## What you will do
Repeat the data below exactly, dropping any pictures it holds.

## Given information
——————————
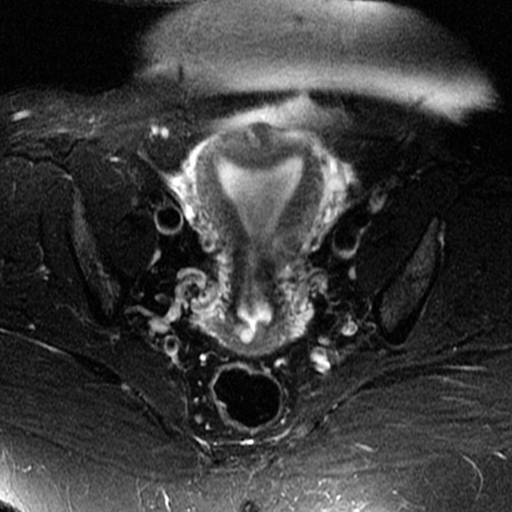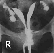 (Septate uterus - notice normal outer contour distinguishes this dx from bicornate uterus)
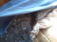 Le canapé était complètement défoncé après 15 ans d’usage. Je l’est donc refait avec les moyens du bord. A ma disposition l’ancien canapé, du carton, de la mousse, et de vieux rideau.
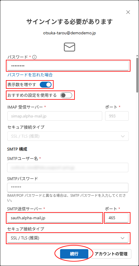 表示数を増やす 「オン」を選択 おすすめの設定を使用する 「オフ」を選択 SMTP構成 SMTP送信サーバー 「sauth.alpha-mail.jp」を入力 -
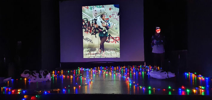 With not much time and not ideal knowledge about the city, we tried to meet a specific group of people and work on these testimonies, in order to create a work in progress: a final performance on stage. This uses videos of a person directly interviewed, photos using relevant spaces in the city previously mentioned in those talks, a re-created questionnaire to have a first job and documents, fictional and personal pictures and protected data offered by the participants in the process.
——————————
## Answer to the exercise
 (Septate uterus - notice normal outer contour distinguishes this dx from bicornate uterus)
 Le canapé était complètement défoncé après 15 ans d’usage. Je l’est donc refait avec les moyens du bord. A ma disposition l’ancien canapé, du carton, de la mousse, et de vieux rideau.
 表示数を増やす 「オン」を選択 おすすめの設定を使用する 「オフ」を選択 SMTP構成 SMTP送信サーバー 「sauth.alpha-mail.jp」を入力 -
 With not much time and not ideal knowledge about the city, we tried to meet a specific group of people and work on these testimonies, in order to create a work in progress: a final performance on stage. This uses videos of a person directly interviewed, photos using relevant spaces in the city previously mentioned in those talks, a re-created questionnaire to have a first job and documents, fictional and personal pictures and protected data offered by the participants in the process.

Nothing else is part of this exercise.